Ce concept de catégorisation qui exploite les informations sensorielles et sémantiques est stratégique en marketing car il permet au consommateur d’associer une marque, un logo, une couleur, une forme à un produit et donc à une catégorie. La catégorisation s’exprime en termes de niveaux (à quel niveau un consommateur associe-t-il un prix : haut, moyen, ou bas ?), de lien entre un stimulus et une catégorie (bleu pour le lait demi écrémé, doré pour les produits haut de gamme, etc..) et de généralisation qui permet de rattacher un stimulus – produit, forme, etc. – nouveau à une catégorie existante. La marque peut donc être construite comme une heuristique connotant l’appartenance à un segment défini en termes de prix, d’attributs spécifiques, etc. Les connotations évoquées par le consommateur sont plus ou moins riches suivant son niveau d’implication : plus le produit est impliquant, plus les évocations sont élaborées, plus il sera fait référence à des concepts sous forme verbale ou imagée et à des sensations. L’objectif d’une stratégie expérientielle étant la débanalisation du produit / service, celle-ci passe par par une augmentation du niveau d’implication via la puissance d’évocation véhiculée par les stimuli. Notons enfin que le caractère sélectif de la perception a pour conséquence la recherche de la « bonne forme » (homéostasie) de la part du consommateur, c’est-à-dire une perception qui soit la plus « juste » et la plus complète possible.
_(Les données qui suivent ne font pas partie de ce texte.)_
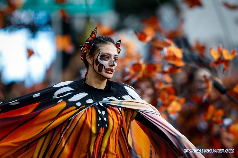 Una persona disfrazada participa en el Desfile de Día de Muertos 2018, en el marco de la celebración mexicana de Día de Muertos, en la Ciudad de México, capital de México, el 27 de octubre de 2018. De acuerdo con información de la prensa local, esta es la tercera edición del desfile, y comenzó en el monumento Estela de Luz y concluyó en el Zócalo de la capital de México. (Xinhua/Francisco Ca?edo)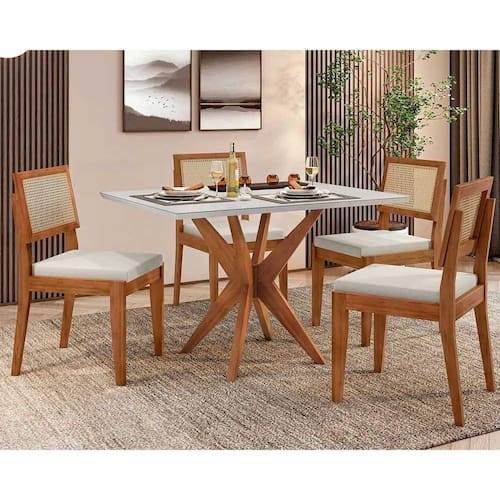 Mesa de Sala Jantar Donna c/ Tampo Madeirado c/ Vidro 120cm + 4 Cadeiras Rainha Natural - Nesher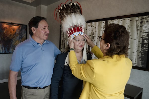 Loretta Woodhouse, mother of Assembly of First Nations National Chief Cindy Woodhouse, places her daughter's headdress on her head as Cindy's father, Garnet, looks on, in Montreal on July 8.Andrej Ivanov/The Globe and Mail
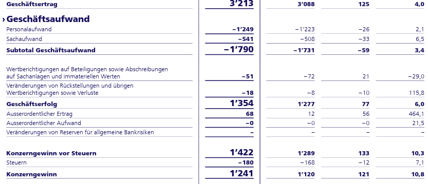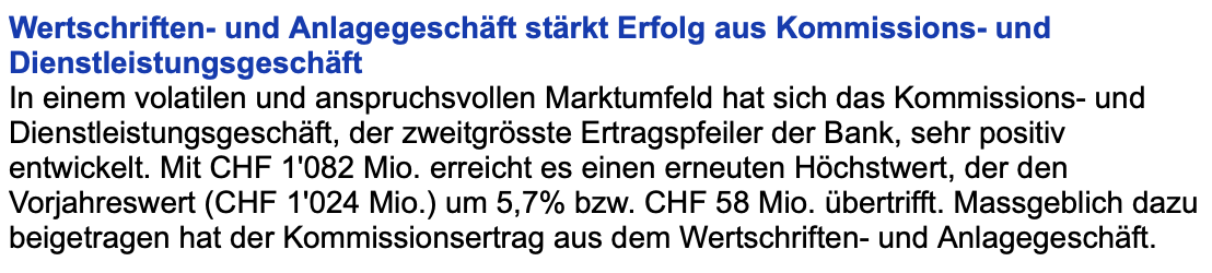 Die ZKB muss auch kein überteuertes US Business durchfüttern und der Einfluss von der anderen Seite des Teiches hält sich in Grenzen. Da geschäftet sich deutlich besser.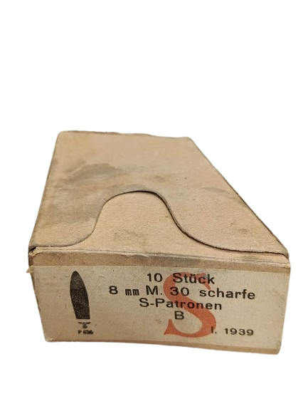 Cette boîte correspond à des munitions militaires 8x56mmR Mannlicher produites en Autriche sous occupation allemande en 1939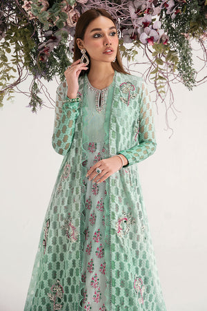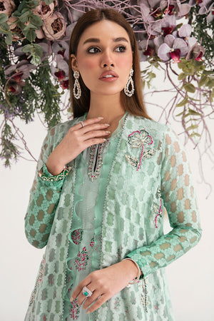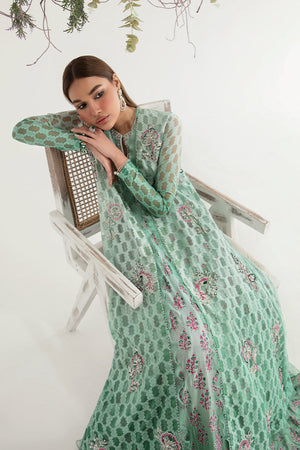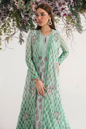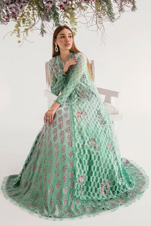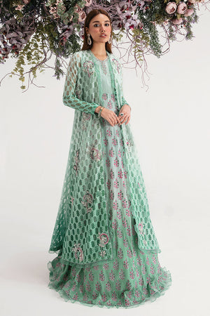This outfit is a perfect ensemble of mint green and raspberry colors. A floor length self organza gown with heavy floral motifs beautifuly hand crafted with zari, resham, sequins and tilla work. An organza ruffle with gota lace all over the gown. It comes with pk raw silk block printed frock with delicate hand zardozi work on the neckline enhanced with pearl, sequins and Swarovski spray on the bodice.
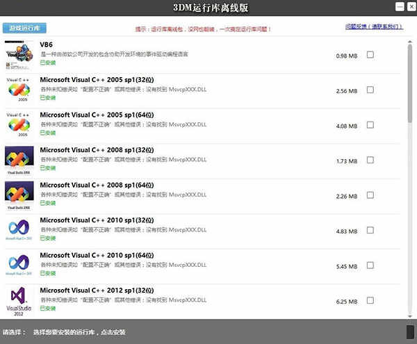 3DM游戏运行库合集离线安装包部分组件的安装需要管理员权限,如果安装失败可用右键使用管理员账户下运行本工具。安装.Net时间较长,请耐心等待.Net4.6包含4.0、4.5.x,XP下安装方法可以见软件内说明。本程序安全无插件,安装过程如遇安全软件拦截,请先退出安全软件。本合集含最新最全的运行库与组件,但针对不同的系统显示不尽相同。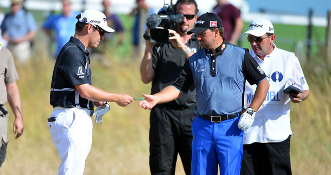 Louis Oosthuizen, meistari Opna breska 2010 varð að draga sig úr keppni á Opna breska í dag, vegna meiðsla í hálsi og hnakka meðan Svíinn Peter Hanson dró sig úr mótinu eftir aðeins 5 holur vegna bakmeiðsla.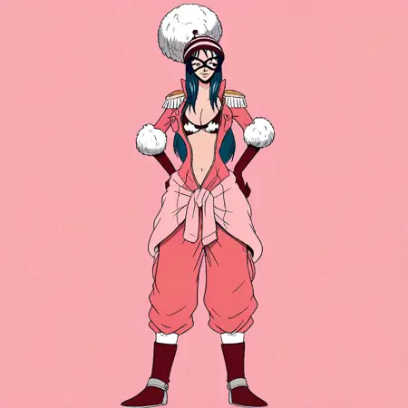 PorcheOP, 1소녀, 혼자, 검은 파란색 머리카락, 파란 눈, 날카로운 코, 입술, 큰 가슴, 가슴 사이, 배꼽, 허리, 긴 머리, 마스크, 모자, 하얀 푹신한 공, 분홍색 점프수트, 열린 옷, 비키니, 부풀어 오른 바지 다리, 부츠, 벨트, 어깨장식, 장갑, 주머니, 팔꿈치 패드, 비키니 상의만, 사타구니, 모피 테두리, 흉골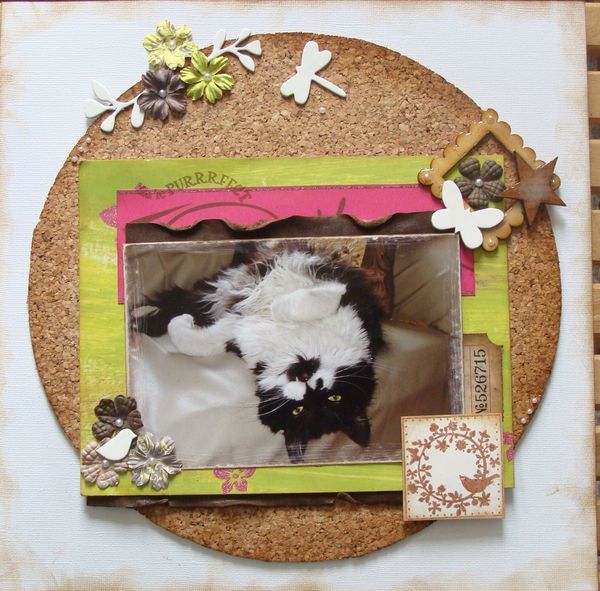 | Une page réalisée pour la DT "Les Hobbies de Lila" et alliant différentes matière comme le cuir, le liège, le carton.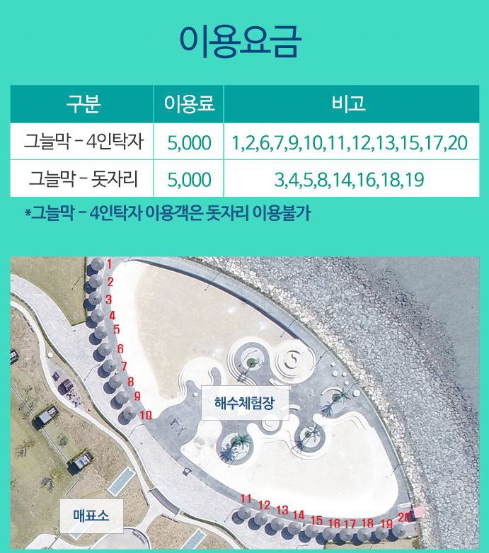 배곧 한울공원 해수풀장 그늘막 이용안내
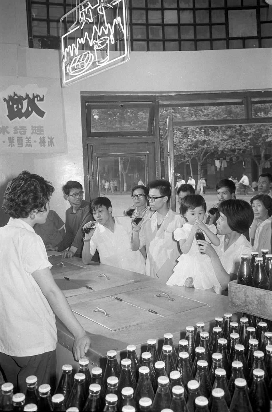 1983年8月,持续高温,冷饮畅销,北京前门大街迎时冷饮店的售货员忙着出售北冰洋汽水。
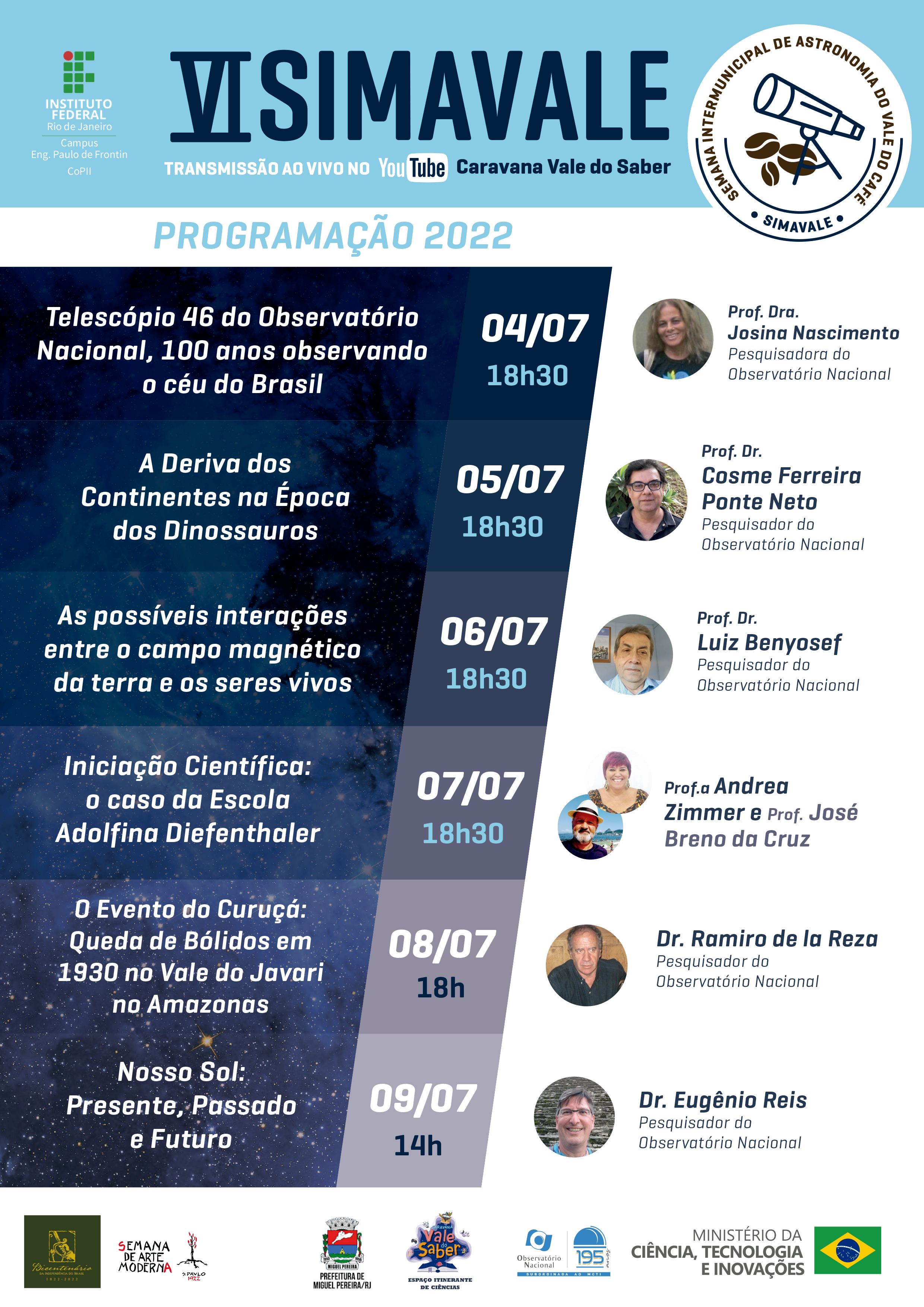 Entre os dias 04 e 09 de julho, ocorre a sexta edição da SIMAVALE – Semana Intermunicipal da Astronomia do Vale do Café. O evento contará com a participação de pesquisadores do Observatório Nacional – unidade de pesquisa vinculada ao Ministério da Ciência, Tecnologia e Inovações (ON/MCTI).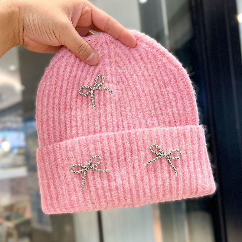 韓国ブロガーの女性用リボンニットウール帽子、秋冬の厚みのある多用途耳保護防寒帽子、頭囲の大きな包頭帽子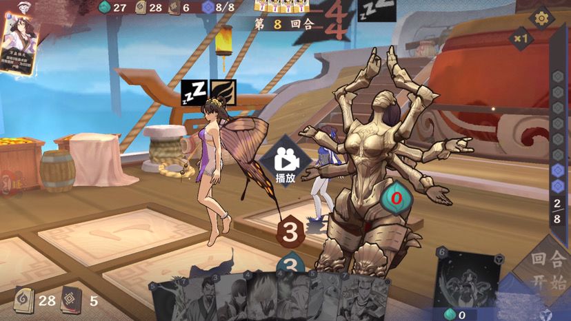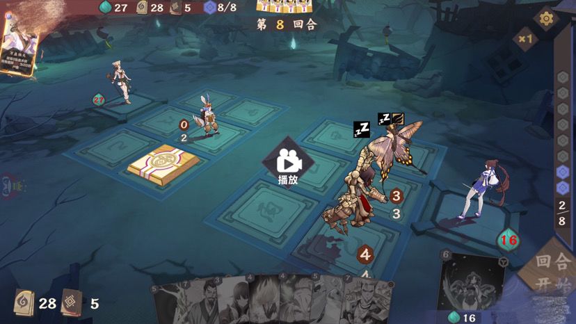 第六回合甲位对方绝嗣毒瘟,我天命回归复活两个部署,按理说只掉8血,结果我掉了16血直接挂了,有毒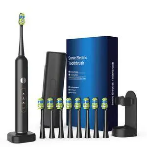P10S Sonic Electric Toothbrush 3 Modes Deep Clean & Whitening, 180-Day Battery Life, Cushioned Gum-Care Brush Head for Sensitive Teeth, Smart Timer, 2 Brush Heads (Blue)

Une bonne compréhension de ce processus de perception permet d’éviter les erreurs classiques de segmentation, de ciblage et de positionnement en testant le nouveau produit ou service en branded ou en blind (avec ou sans information de la marque) auprès du consommateur cible. La perception peut subir l’influence de facteurs individuels, liés au produit - marketing -, à la situation ou à leur souvenir.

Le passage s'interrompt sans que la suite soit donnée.